Hundreds of millions of dollars of US international aid funding for COVID-19 may no longer be used to buy medical masks and gloves without specific approval, according to a new directive from President Donald Trump’s administration, The New Humanitarian has learned.
Using a new clause in its grant agreements, the US Agency for International Development (USAID) will require aid agencies to get prior approval to buy key items of personal protective equipment (PPE) or ventilators.
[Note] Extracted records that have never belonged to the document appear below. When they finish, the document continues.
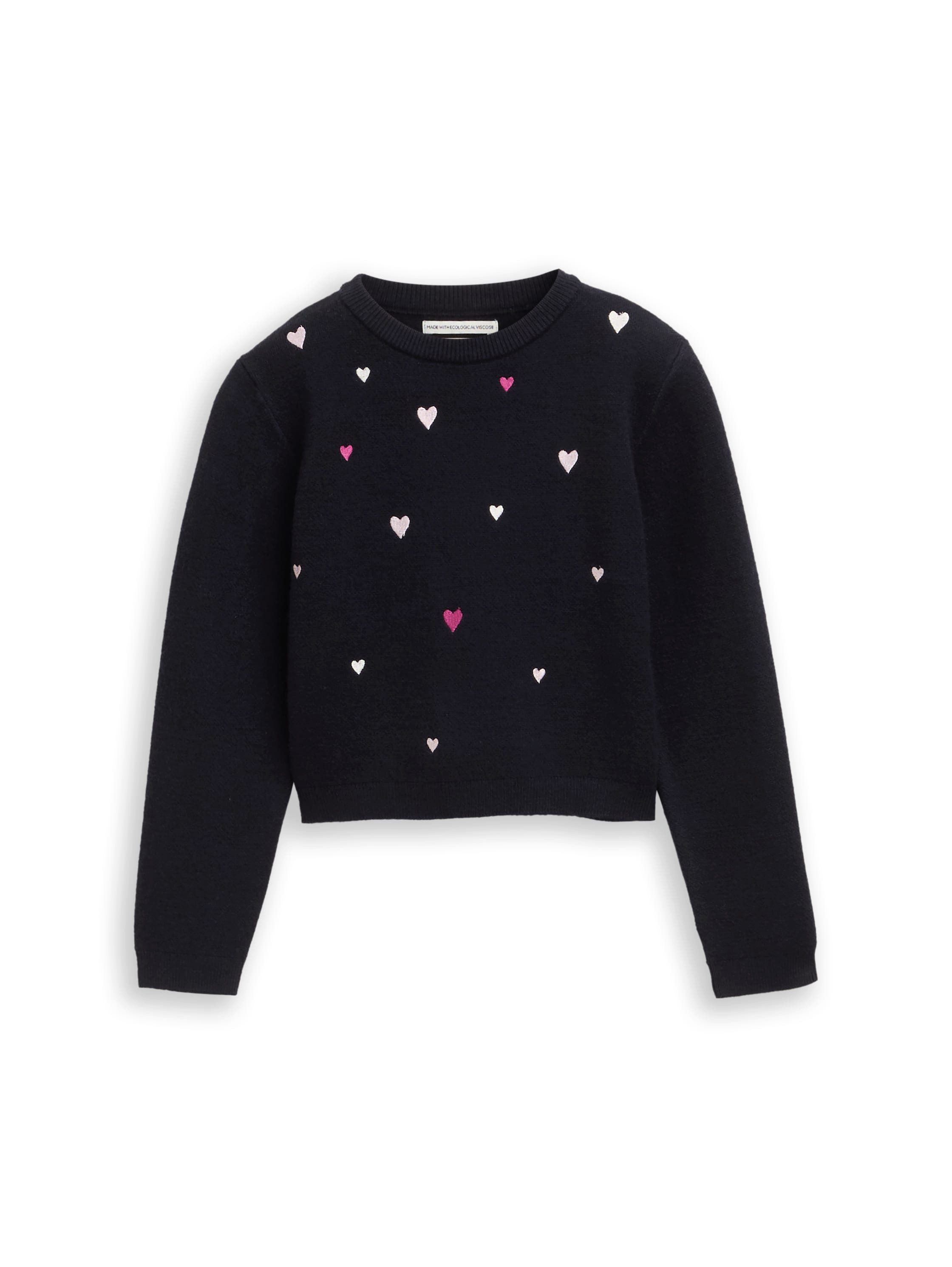 Der Strickpullover zusammen mit Jeans und farbenfrohen Sneakern hält kuschelig warm und schränkt die Bewegungsfreiheit beim Toben auf dem Spielplatz nicht ein. Drunter kann ein Kleid mit Tüllrock getragen werden. Damit sieht das Outfit richtig süß aus.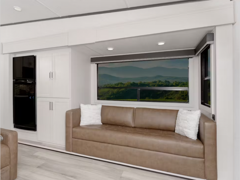 The Road Defense™ Powder Coated Chassis offers superior protection against corrosion and the HyperDeck flooring is stronger, lighter and more resilient than laminate floors. You will feel right at home with residential features such as, designer vinyl flooring throughout, a farmhouse style sink, an upgraded memory foam mattress, and much more!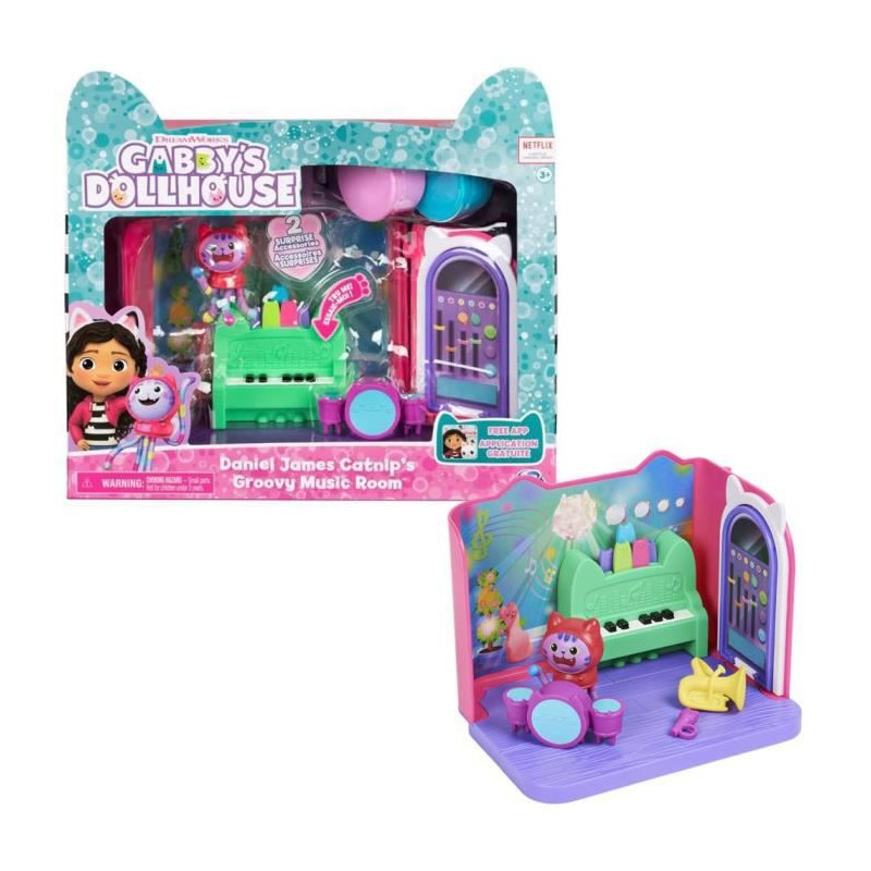 Retrouvez une des pieces de l'univers Gabby et la Maison Magique avec 1 figurine de chat et ses accessoires. Viens te déhancher avec Catnip ! Coffret comprenant : une piece, une figurine de chat, 3 meubles, 2 boîtes surprises et 3 accessoires. La piece se connecte a la Maison Magique de Gabby (vendue séparément). Une application gratuite a télécharger grâce au QR code inclus pour continuer a jouer !

Unless extensive exemptions are granted, NGO officials said, the effectiveness of USAID’s COVID-19 funding has been thrown into question. Supplies, which protect health and other frontline workers, for other operations – including Ebola control – could also be disrupted.
Aid agencies may be able to juggle funding from other donors to compensate for the US ban. However, the United States is the largest international donor for health, and the dominant supplier in some low-income countries, including Afghanistan and Haiti, so the “wiggle room” is limited, the officials said.
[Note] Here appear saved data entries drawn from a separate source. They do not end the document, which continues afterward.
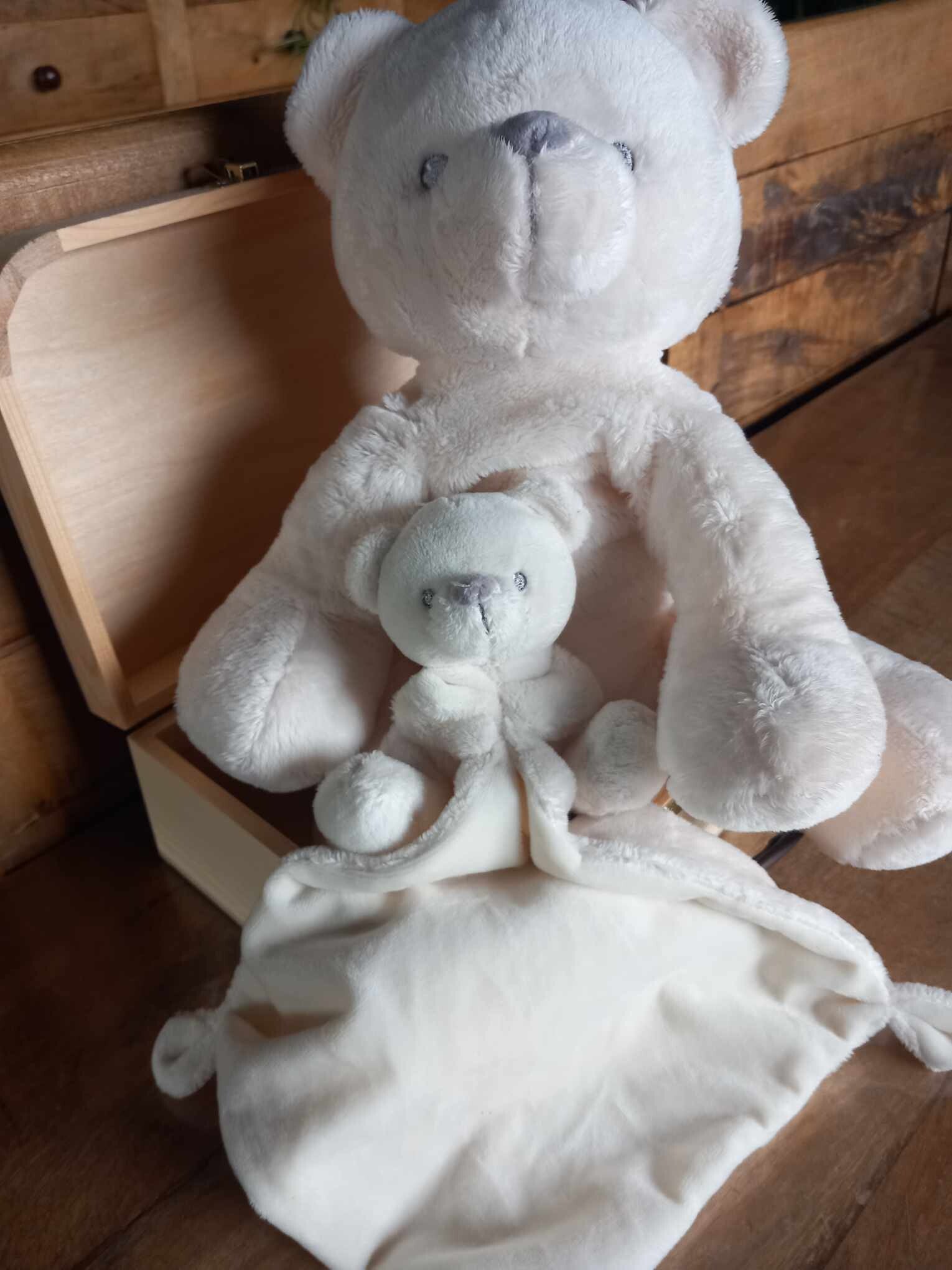 Houten koffertje voorzien van een grote knuffelbeer van 30cm en bijhorende doudou . Op de doudou word de naam geborduurd.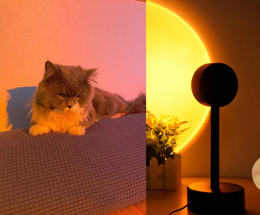 Проекционная лампа с радужным закатом, sunset lamp, ночник, светильник с USB для дома, фоновое цветная, украшение для стен,
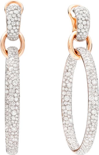 The Italian label honors their rich goldsmithing heritage with these 18-karat rose gold hoop earrings illuminated with 614 brilliant pavé diamonds inside and out.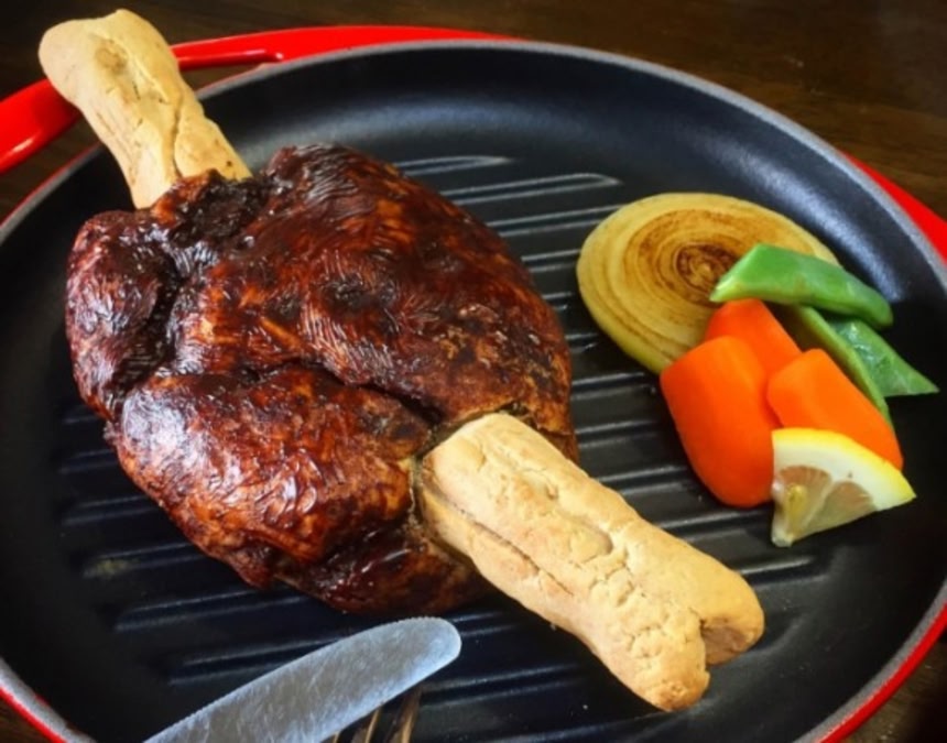 まだ切っていない方の焼豚にかぶりつきたい。ギャートルズのゴンのようにバクッと。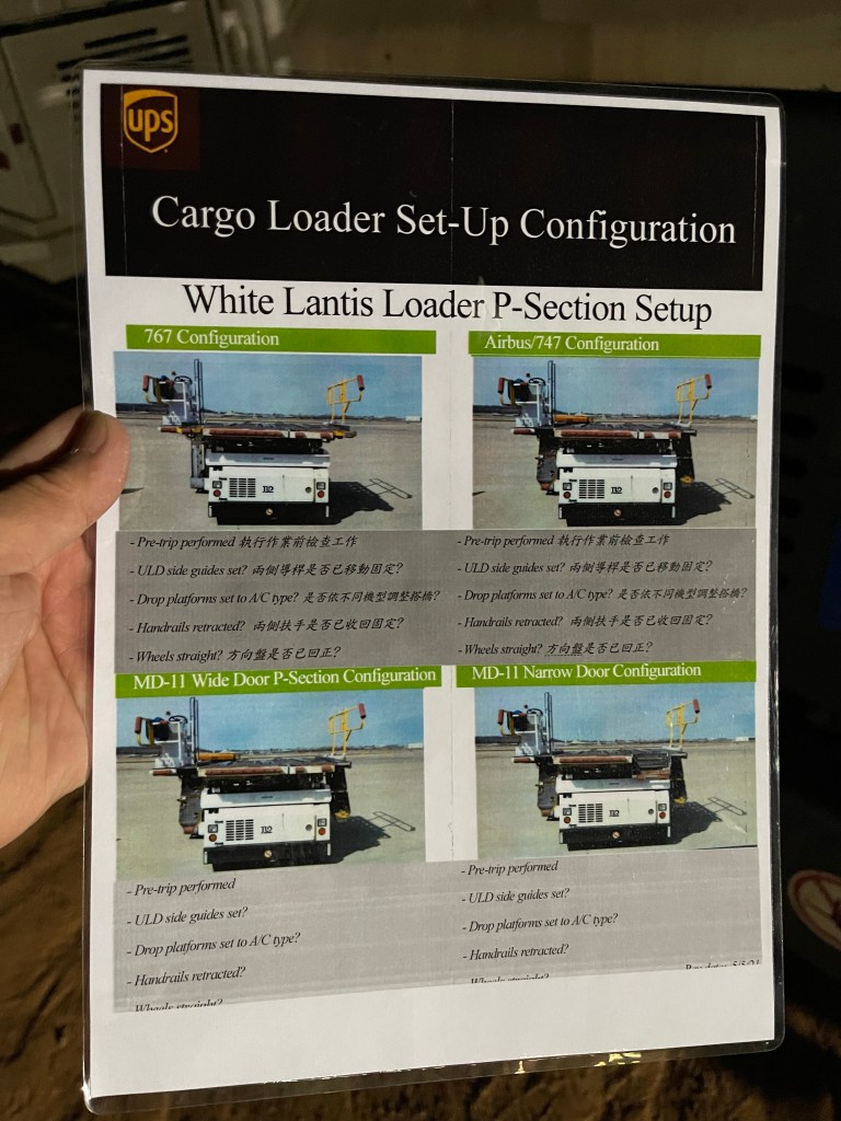 2021-05-17-腹艙Loader靠機作業前檢查 2位檢查-B2-L2 1位BL1在旁邊看是否正確-過程中不可插話 完成後B2向BL1比OK手勢-BL1回OK手勢 – Pre-rip performed 執行作業前檢查工作 -ULD side guides set?兩側導桿是否已移動固定? – Drop plaforms set fo AC ype?是否依不同機型調整搭橋? -Hanrails retracted?兩側扶手是否已收回固定? -Wheels straight?方向盤是否已回正?

USAID did not answer specific questions about the new rule, but said in a written statement: “Given the competing demands for some categories of medical supplies and commodities – including in the United States – the US Agency for International Development (USAID) is working with the US Government interagency and our international partners on this critical issue. We understand the urgency of the domestic requirements here in the United States while we continue to remain sensitive to the needs of our neighbours and friends around the world.”
The new USAID clause appears to block unauthorised purchases from anywhere, not just the United States. The Federal Emergency Management Agency, which coordinates the federal government’s response to disasters, already has wide-ranging powers to control domestic allocation and most exports from the United States are banned by orders put in place by the White House under the Defense Production Act.
Supplies of PPE in parts of the United States – as in other countries – have been critically low and a sensitive political issue. US authorities have even reportedly seized PPE shipments destined for export or in transit. More than 50,000 deaths from COVID-19 have been confirmed in the United States, at least a quarter of the world’s total.
TNH has obtained the text of the new conditions from an NGO official told of the measures. The official insisted on anonymity to preserve professional relations with USAID. Four other people familiar with USAID grant-making confirmed they had heard the measures were being put in place.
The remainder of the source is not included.